Pemerkosaan adalah puncak dari tindak pelecehan seksual yang paling mengerikan –yang bagi semua perempuan jelas-jelas merupakan momok paling menakutkan dan tak seorang pun ingin mengalaminya. Berbeda dengan tindak pelecehan seksual –seperti disiuli, digoda dengan kata-kata tak senonoh, dicolek, atau dipandang dengan cara seolah-olah menelanjangi– yang acapkali hanya menimbulkan perasaan dongkol, terhina, dan marah. Pemerkosaan kerap menimbulkan luka traumatis yang benar-benar mendalam.
Dalam berbagai kasus tindak kekerasan seksual, sering kali korban tidak hanya mengalami penganiayaan seksual, tetapi juga menderita trauma mendalam, perasaan terhina, kotor, dan lain sebagainya yang akan terbawa hingga mereka tua dan meninggal. Tak sedikit korban pemerkosaan yang memilih mengakhiri hidupnya. Melakukan aksi bunuh diri karena tak kuat menanggung beban sebagai korban tindak kekerasan seksual.
Dalam banyak kasus, korban tindak kekerasan seksual biasanya tidak berdaya dan cenderung memilih pasrah ketika pelaku adalah sosok yang berkuasa dan dihormati masyarakat. Dalam kasus pemerkosaan yang dilakukan figur-figur yang dihormati, seperti ulama atau pimpinan lembaga keagamaan, korban biasanya tidak berani melawan. Pelaku bisa bebas bertahun-tahun melakukan kekerasan seksual karena korban berada dalam posisi hubungan dengan pelaku yang asimetris.
Hubungan korban dengan pelaku tindak kekerasan seksual umumnya adalah relasi ketertundukan. Anak-anak yang menjadi korban incest, atau anak perempuan yang menjadi korban pemerkosaan yang dilakukan guru atau pimpinan pondok pesantren, biasanya terpaksa memilih diam. Tidak berani bersuara. Sebab, mereka umumnya gamang akan konsekuensi yang bakal dialami setelah pengaduannya.
Data dari Komnas Perempuan menyebutkan, selama ini, banyak korban kekerasan seksual yang enggan melapor dan membawa kasusnya ke ranah hukum. Selain ketidakyakinannya bahwa penderitaan yang dialami akan mendapat penanganan hukum yang tepat dan adil, korban sering kali takut menerima stigma buruk dari masyarakat. Dalam kriminologi, dikenal istilah secondary victimization (viktimisasi sekunder) atau multiple victimization (viktimisasi berlipat) untuk menggambarkan posisi korban yang rentan mendapat penderitaan baru pasca melaporkan apa yang dialaminya.

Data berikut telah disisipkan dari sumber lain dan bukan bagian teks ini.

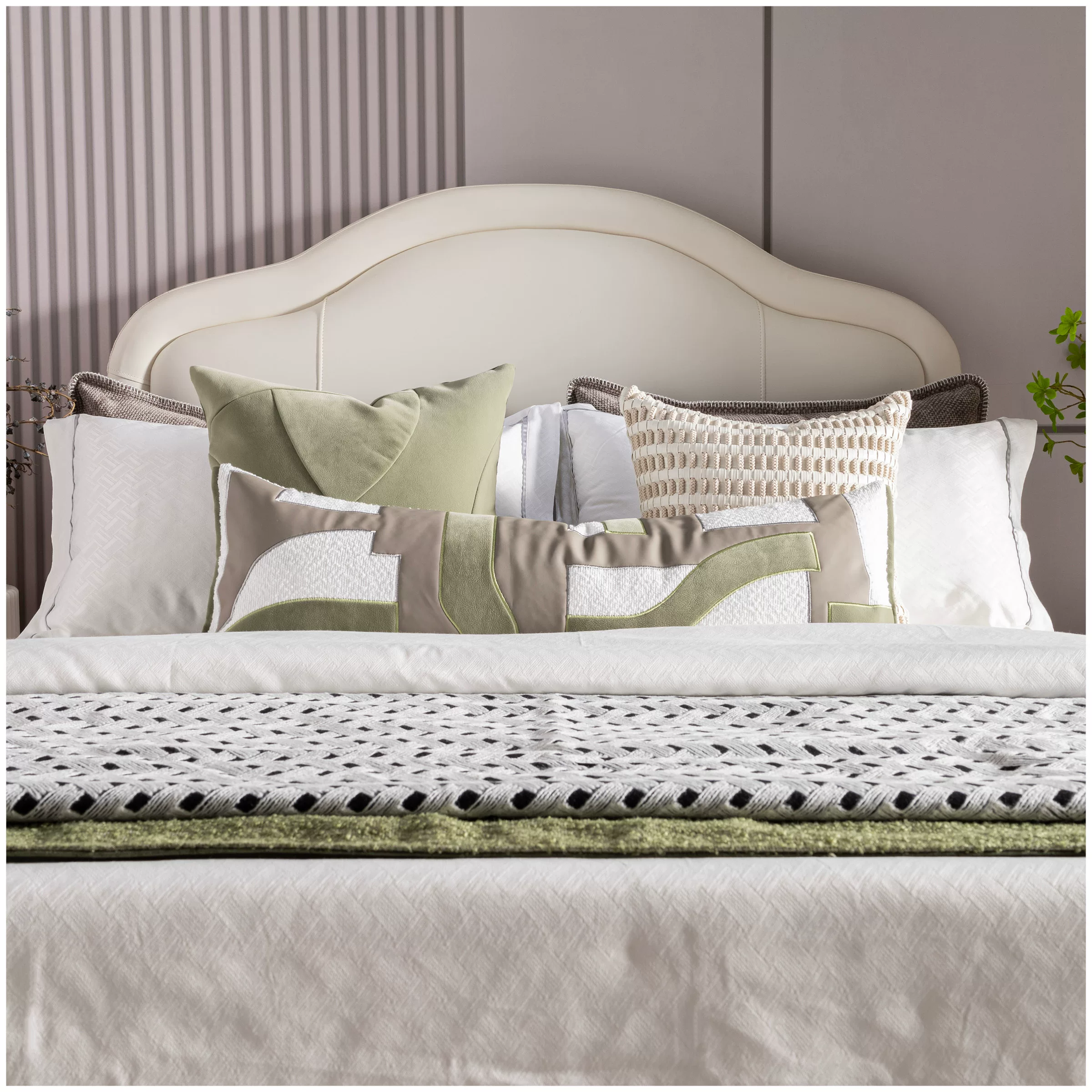 11-piece Wabi-Sabi-style bedding set in green – patterned bedding for showrooms, vacation rentals, and villas – high-quality multi-piece sets

Beban hidup sebagai perempuan –yang diharuskan masyarakat untuk selalu menjaga kesuciannya– membuat banyak korban tindak kekerasan tidak berani melaporkan pelaku ke pihak berwajib. Selain itu, risiko mendapat stigma buruk –alih-alih simpati dan empati– membuat korban lebih memilih memendam penderitaannya hingga mereka meninggal. Tidak sedikit kasus, justru keluarga korban atau bahkan orang tua korban yang meminta korban berdiam diri daripada membawa kasusnya ke meja hijau dengan risiko akan menjadi aib yang mencoreng kehormatan nama keluarga.
Hukuman bagi Pelaku
Hukuman apa yang paling tepat untuk pelaku tindak kekerasan seksual? Untuk pemerkosaan dengan jumlah korban lebih dari satu dan dilakukan oleh seseorang dengan memanfaatkan relasi ketertundukan, bisa dipahami jika masyarakat mengusulkan ancaman hukuman yang benar-benar setimpal. Yakni, penjara seumur hidup dan kebiri.

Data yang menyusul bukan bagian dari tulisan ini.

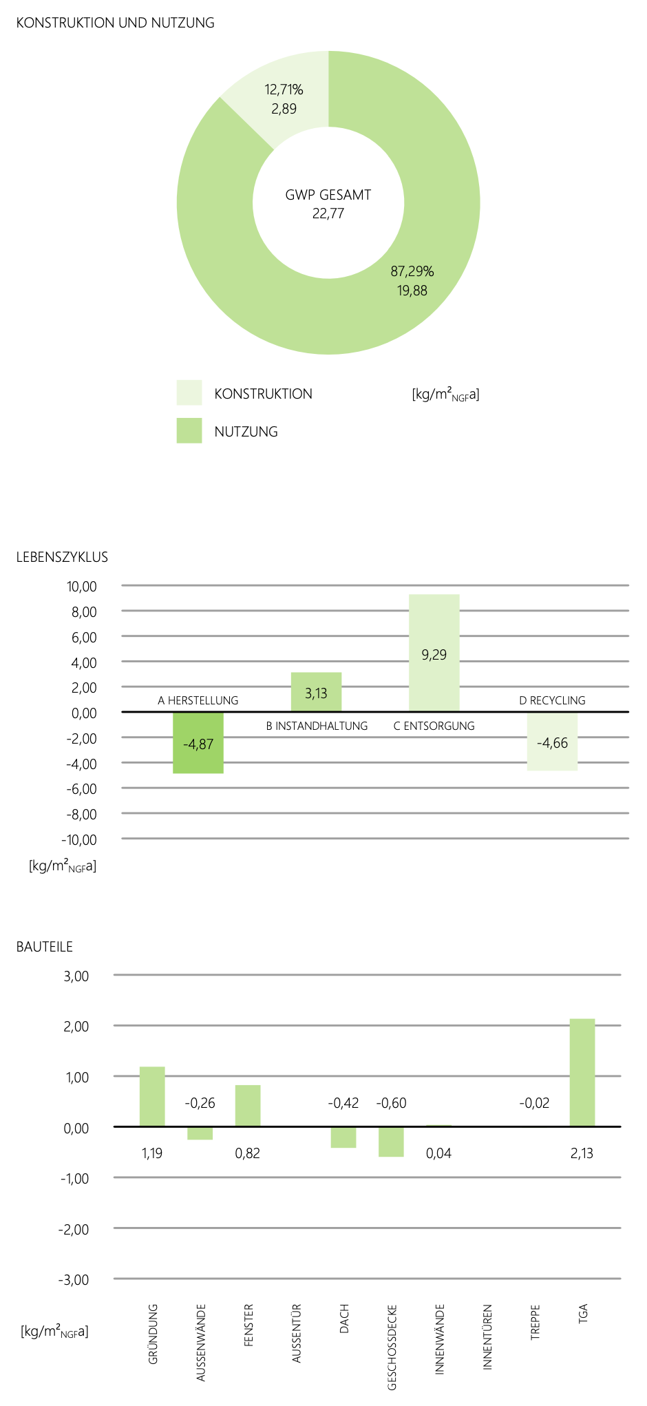 - GWP Global Warming Potential (in kg CO2äquivalent pro m2NGF) Gesamt sowie differenziert nach Konstruktion und Nutzung

Menurut hukum, predator seksual terhadap anak memang terancam hukuman kebiri kimia. Dalam Peraturan Pemerintah Nomor 70 Tahun 2020 tentang Tata Cara Pelaksanaan Tindakan Kebiri Kimia, Pemasangan Alat Pendeteksi Elektronik, Rehabilitasi, dan Pengumuman Identitas Pelaku Kekerasan Seksual terhadap Anak telah jelas disebutkan ancaman hukuman kebiri itu.
Meski sebagian pihak masih menolak tambahan hukuman kebiri bagi pemerkosa karena dianggap tidak manusiawi, dari perspektif korban tentu berbeda. Korban maupun pihak keluarga korban niscaya merasa bahwa hukuman mati dan kebiri sebetulnya masih kurang sebanding dengan penderitaan dan masa depan korban yang direnggut pelaku.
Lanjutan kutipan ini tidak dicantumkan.